Dave Kistler - Analyst
Good morning, guys. Real quickly on the Bone Springs, just a little maybe additional color, in previous calls you had talked about the EURs trending up to the high end of the range on the first and second Bone Springs. Can you give us any color on, does that continue to be the case, or are you going to be adjusting those EURs higher? Then put that in perspective to the third Bone Springs wells that you have drilled. That would be fantastic.
Dave Hager - EVP, Exploration & Production
Hi, Dave. Yes, we are very, very pleased with the results that we are achieving, both in the first and second Bone Springs as well as the third Bone Springs. And at this point, we are still wanting to get a little bit more production history before we revise our numbers upward.
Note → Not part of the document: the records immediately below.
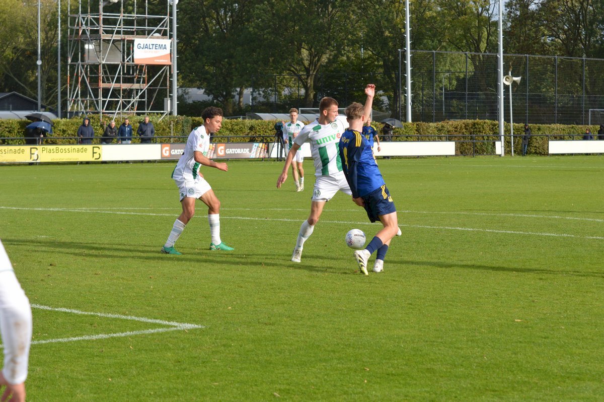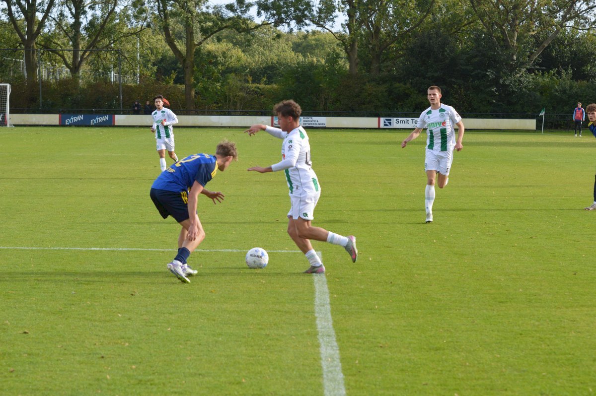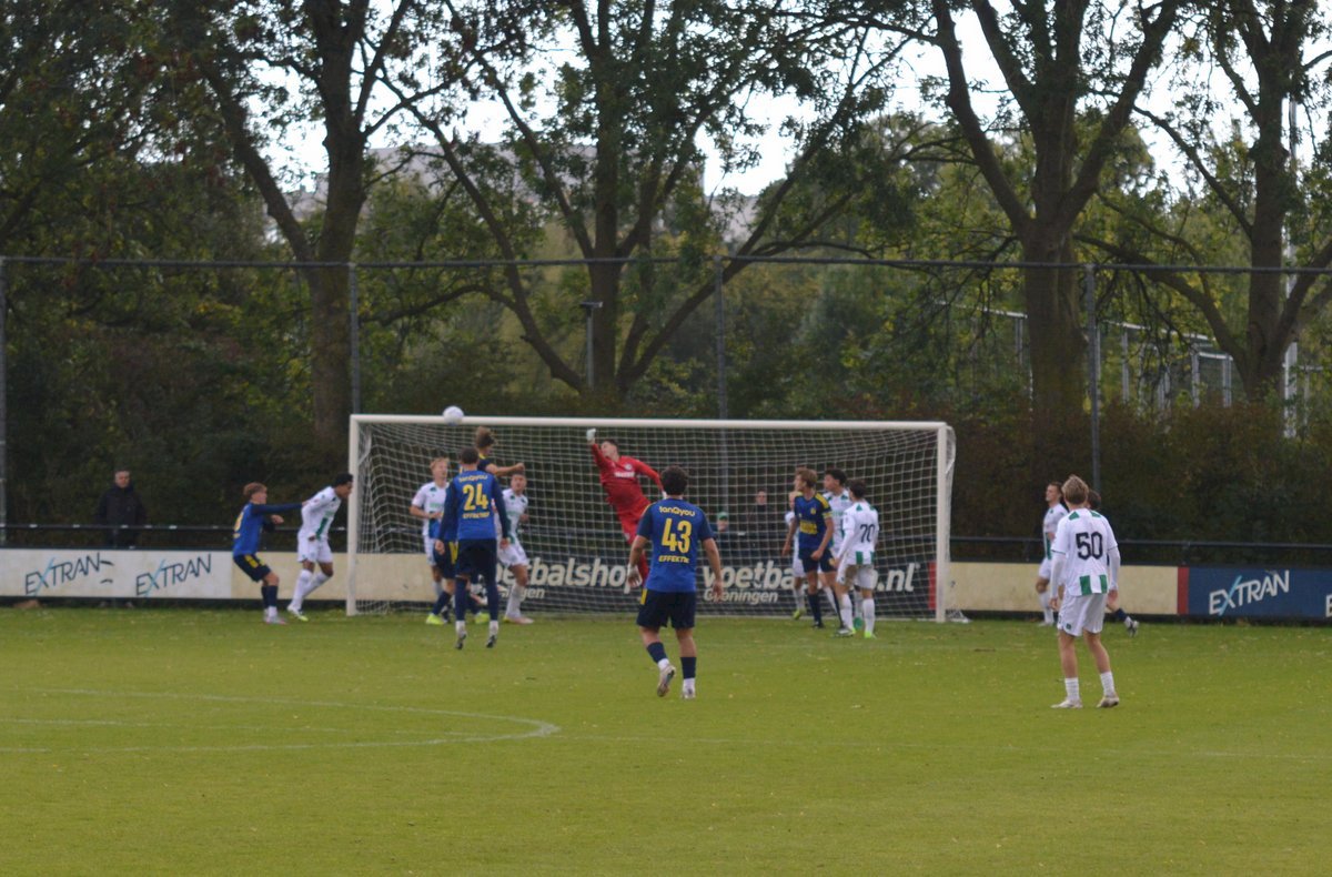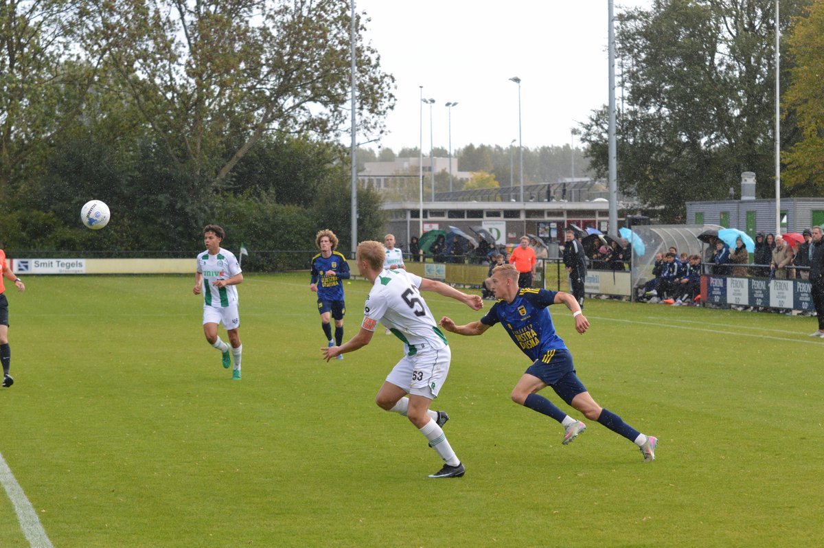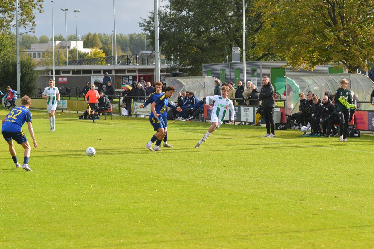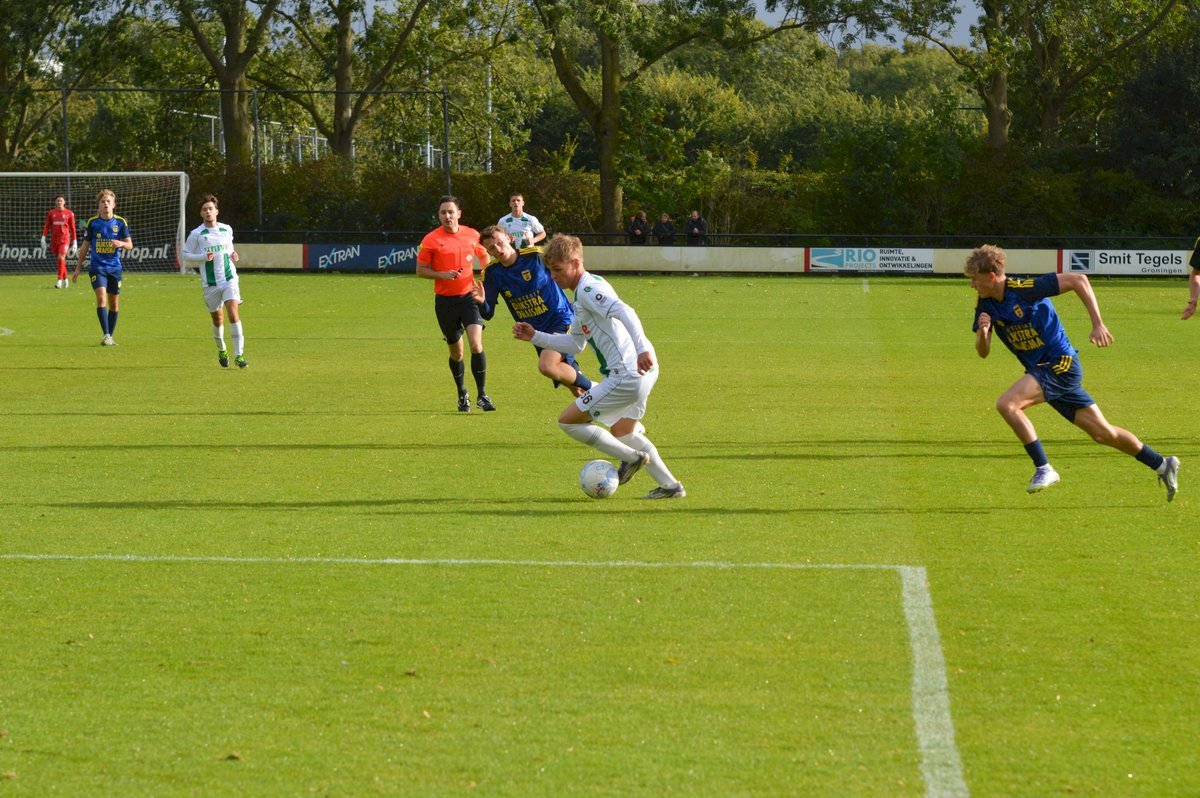 Vanmiddag op Sportpark Corpus den Hoorn in Groningen de topper in de Onder 21 Competitie Divisie 1 tussen de nummer één SC Cambuur o21 en de nummer twee FC Groningen o21. De Leeuwwarders hadden twee punten meer dan de Groningers dus bij winst van SC Cambuur liepen ze uit en bij winst van FC Groningen namen de Groningers de voorlopig koppositie over. FC Groningen was al vier wedstrijden op rijd ongeslagen dus het vertrouwen moest wel goed zijn, SC Cambuur was drie wedstrijden op rij ongeslagen. Onder toeziend oog van oud FC Groningen speler Remco Balk werd de wedstrijd gespeeld. Remco speelt tegenwoordig voor SC Cambuur en scoorde gisteravond nog twee keer tegen FC Emmen en bij Emmen scoorde Romano Postema weer. Ook FC Groningen trainer Dick Lukkien was aanwezig. We hebben Cambuur trainer Henk de Jong niet gezien. Omdat het de dag van de scheidsrechters was vandaag kreeg het arbitraal trio een bloemetje aangeboden van FC Groningen, een prachtige geste van de club.
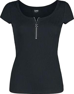 Damen schwarzes T-Shirt aus feinem RIPP-Stoff mit Rundhalsausschnitt und Reißverschluss-Detail 4XL
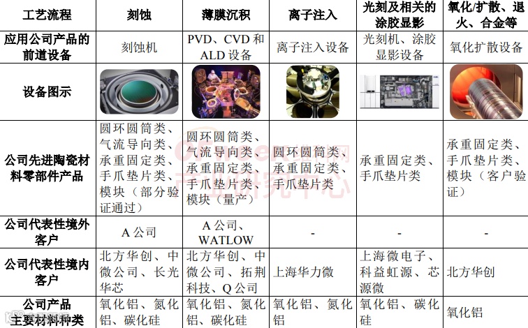 先锋精科全称为江苏先锋精密科技股份有限公司,成立于2008年,前身为“靖江先锋半导体科技有限公司”,2022年进行了股改并在2023年申请科创板IPO,目前仍处于审核状态。根据先锋精科披露的招股说明书显示,公司是半导体刻蚀设备和薄膜沉积设备零部件供应商,其为刻蚀设备和薄膜沉积设备提供的产品包括关键工艺部件、工艺部件和结构部件三大类,其中关键工艺部件产品包括腔体(反应腔、过渡腔、传输腔)、内衬、加热器、匀气盘等,工艺部件产品包括腔体盖板、接地环、喷嘴、气体分配环等,结构部件包括普通盖板、法兰板、信号箱、射频连接板等。
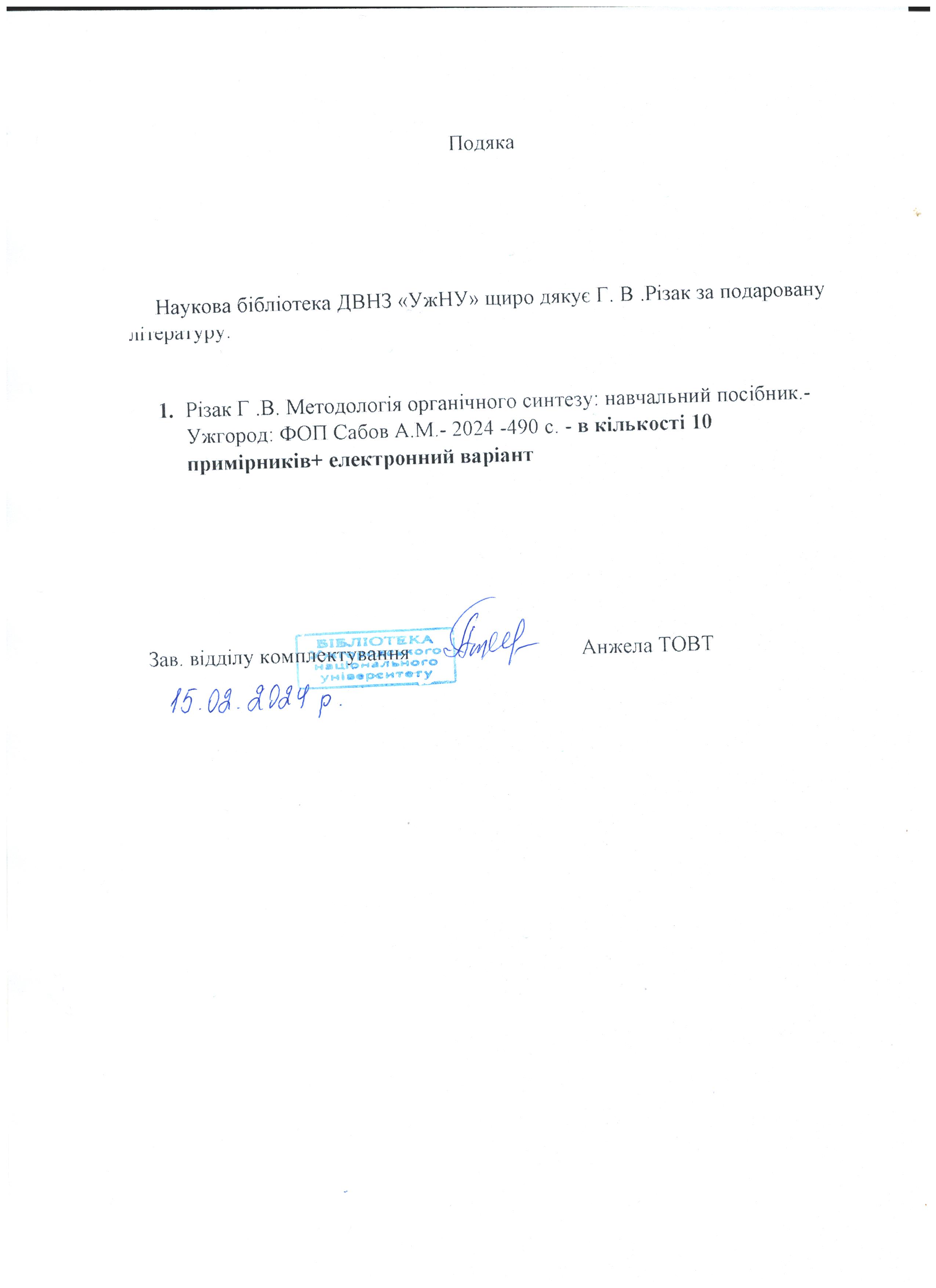 Уже у цьому семестрі студенти магістри Навчально-наукового інституту хімії та екології УжНУ мають змогу безкоштовно користуватися дуже сучасним навчально-науковим посібником під час вивчення непростого спецкурсу Методологія органічного синтезу, підготовленого відомою науковицею та викладачкою Галиною Вікторівною Різак.
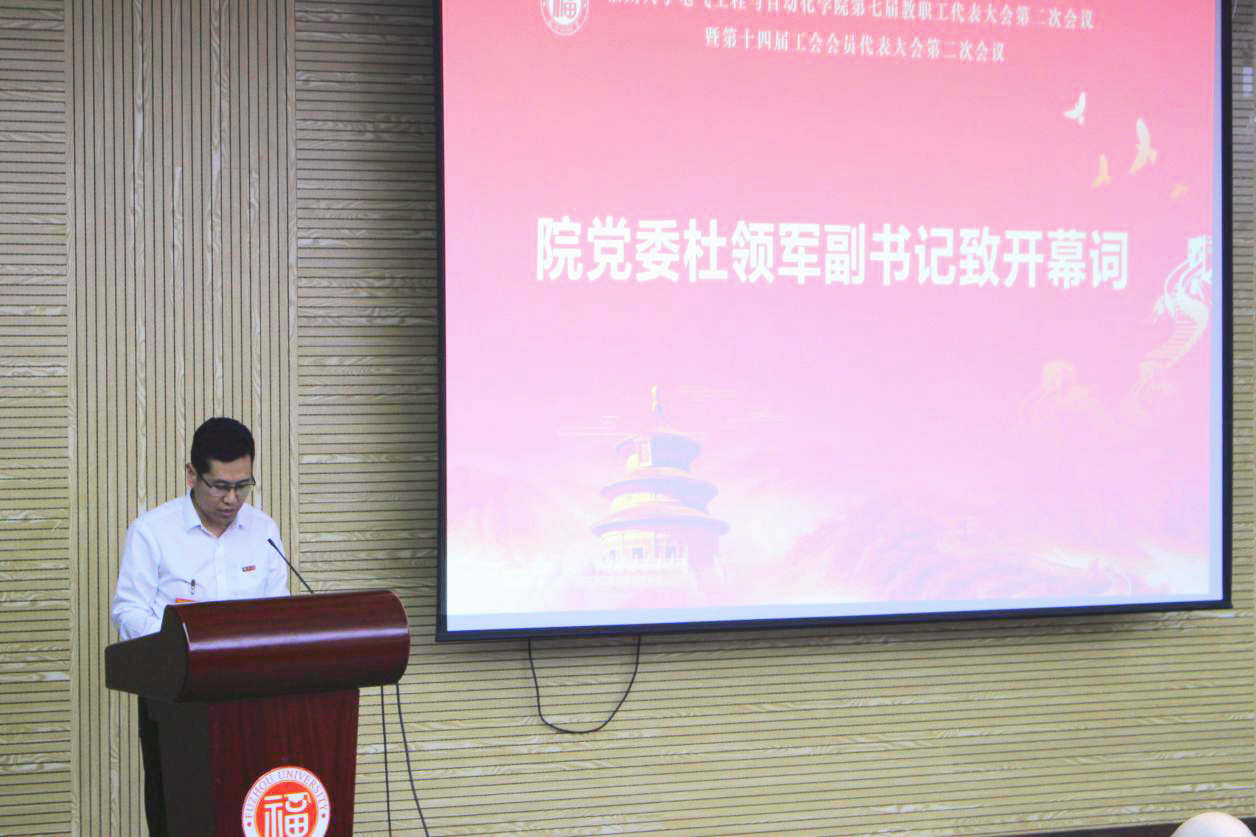 教职工的民主参与、民主决策和民主监督意识。推动学院民主政治建设。杜领军副书记希望代表们以高度的责任感和使命感认真履行职责,积极建言献策,共同商讨学院发展大计,开一场统一思想、凝聚力量、和谐奋进的大会,为学院发展注入新鲜活力。同时呼吁教职工在今后工作中继续发扬团结协作、拼搏进取的精神,为实现学院一流学科建设目标贡献自己的力量。
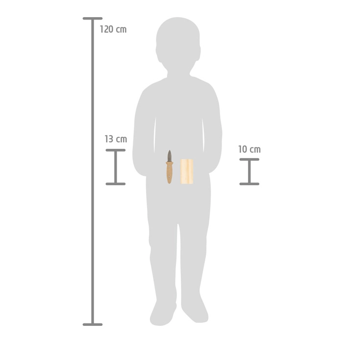 Αυτό το πρακτικό σετ για μικρούς κατασκηνωτές και δημιουργικούς μικροτεχνίτες περιλαμβάνει ό,τι χρειάζονται τα παιδιά για ασφαλή ξυλογλυπτική: ποιοτικό μαχαίρι με μονόπλευρα ακονισμένη λεπίδα και στρογγυλεμένη μύτη, αντιθλαστικά γάντια μεγέθους XS, ξύλινο τακάκι για δοκιμαστικές τομές και ανθεκτική υφασμάτινη θήκη με θηλιά ζώνης. Οι συμπαγείς διαστάσεις και η ξύλινη λαβή που ταιριάζει στο παιδικό χέρι υποστηρίζουν σωστές συνήθειες και σίγουρο κράτημα.

But I can tell you the results we have seen so far have been very encouraging.
We are certainly confident that we are at the upper end of the range that we said previously, and hopefully, with a little more production history, we are going to revise those up further.
Dave Kistler - Analyst
And is there a big delineation between costs on the first and second versus the third Bone Springs?
Dave Hager - EVP, Exploration & Production
Yes. The third Bone Springs is significantly deeper, so those wells are quite a bit more expensive to drill. Yes. The costs range from the first and second, probably around $4.5 million to $5 million drill and complete and up to $6.5 million to $7.5 million on this third Bone Springs.
Dave Kistler - Analyst
Okay. Great. And one last just quick follow-up. When you talk about the production growth, you highlighted the drilling efficiencies and high grading in the Barnett, as you just mentioned, the EURs in the Bone Springs. Are those the primary drivers of the production growth, and are we seeing it across the whole portfolio? Is it really limited to those two areas?
Dave Hager - EVP, Exploration & Production
Well, we were seeing production growth across several areas within the portfolio, particularly on the oil and natural gas liquids side. But when you look at the overall portfolio, just to give you an idea, just on the oil and natural gas liquids, which is where our primary growth is, we anticipate growing volumes on the order of about 12 million-barrels or so this year. About 6 million of that would be on the oil side in the Permian and Jackfish area. And then another 6 million or so, primarily in natural gas liquids in Cana, Barnett and Granite Wash.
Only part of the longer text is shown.